Those nostalgic for '50s-era black-and-white Christmas television specials can see a full-color version Monday evening at the Burnsville Performing Arts Center.

The Girl Singers of the Hit Parade will wear their signature sparkling floor-length red ball gowns and sing holiday favorites of the era like "Christmas Alphabet" and "Boogie Woogie Santa Claus."

"People come for the dresses," Jennifer Grimm of Lauderdale says. "They stay for the music."

The group consists of Grimm, her mother Colleen Raye (the woman "at the helm," says Grimm), and Raye's sister, Debbie O'Keefe. The three toured 39 cities last year as the Girl Singers, a salute to vocalists like Rosemary Clooney, Patti Page, Connie Francis, Peggy Lee and Doris Day.

Norton Lawellin of Burnsville, their music director, says that as they toured, several theaters asked them to work up Christmas numbers, and soon they had a show.

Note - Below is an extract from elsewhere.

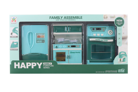 Sada obsahuje kuchyňku s vařičem, troubu a ledničku. Napájení na baterie, které nejsou součástí balení-kuchyňka 2xAAA, trouba 3xAA, lednička 2xAA. Spotřebiče svítí a vydávají zvuky. Balení obsahuje také malé nádobí,potraviny a samolepky. Materiál plast. Baleno v krabici. Rozměry balení cca...
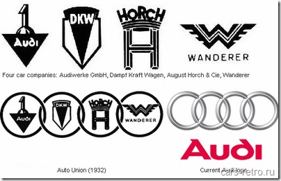 Четыре кольца на эмблеме "Ауди" означают слияние 4 компаний - "Ауди Верке", "Аугуст Хорьх Аутомобил Верке", ДКВ и "Вандерер" в 1934 году. Поначалу логотип Ауди использовался только на гоночных машинах, простые же автомобили каждая компания производила под своим брендом и украшала србственными эмблемами. На иллюстрации представлены логотипы каждой из объеденившихся компаний. В 1964 году Volkswagen купил Audi, но логотип остался прежним.

Lawellin says the show balances songs with "jokes, trivia facts and narration, skits and bits."

It's a "glorified lounge act," jokes Raye.

"A lounge act on steroids," adds Grimm.

Raye and O'Keefe grew up in a musical family on a farm near Ellsworth, Wis. (Raye lives on the property today), and Raye started performing with her brother's band, the Tradewinds, when she was 15. "It was fun," she says. "I loved it. I got treated like an adult."

Raye spent 18 years performing with "The Steve Grimm and Colleen Raye Show," a nightclub show band. O'Keefe joined them when she was 13. Raye was touring through all four of her pregnancies, and the kids often came along and sang in Christmas shows, so Grimm was on stage by age 3.

"I was born on the road," she says. "I belong on the road."

Grimm brought her own kids -- a baby and a 3-year-old -- along on last year's tour. "It was hectic," she says. "But it was fun."

"Oftentimes people who have sung together for a long time tend to sing similarly, so their voices blend well," says Lawellin. "No one is in the group because they're trying to fill a slot. They all are musically successful, and they have their own bands and their own careers, and we come together. It's a lot of fun working with a group of people with that much talent."

Grimm writes music for NBC's "Sing Off," does voice-overs for commercials, and sings in a corporate band. O'Keefe, of Hudson, Wis., has been singing big band tunes with the Minnesota Jazz Orchestra for 10 years. Other family members join in, too. Raye's daughter, Sophia Grimm, is a senior this year at the Chicago College of Performing Arts and just had a lead role in "Sweeney Todd;" she sometimes steps in and takes over Jennifer's spot, and Raye's son Reed often plays drums.

"It's great. It's not until you step out of the family that you realize how talented everyone is," says Jennifer Grimm. "Everyone talks in the same language. It's just a musician's language."

The shows, Raye says, tend to be heavy on audience participation. They like to pull unsuspecting audience members onstage for numbers like "Santa Baby." The audience tends to be of the baby boomer set and older. "They know every word," says Grimm.

Lawellin says this means they generally don't have to prod audiences to join them on sing-alongs for "White Christmas" and "Silver Bells."

"Those are the songs that people always look forward to," he says. "People just start singing along if you ask them to or not.

"We want people to feel joyful," he says. "I think everyone feels good when they leave."

Liz Rolfsmeier is a Minneapolis freelance writer.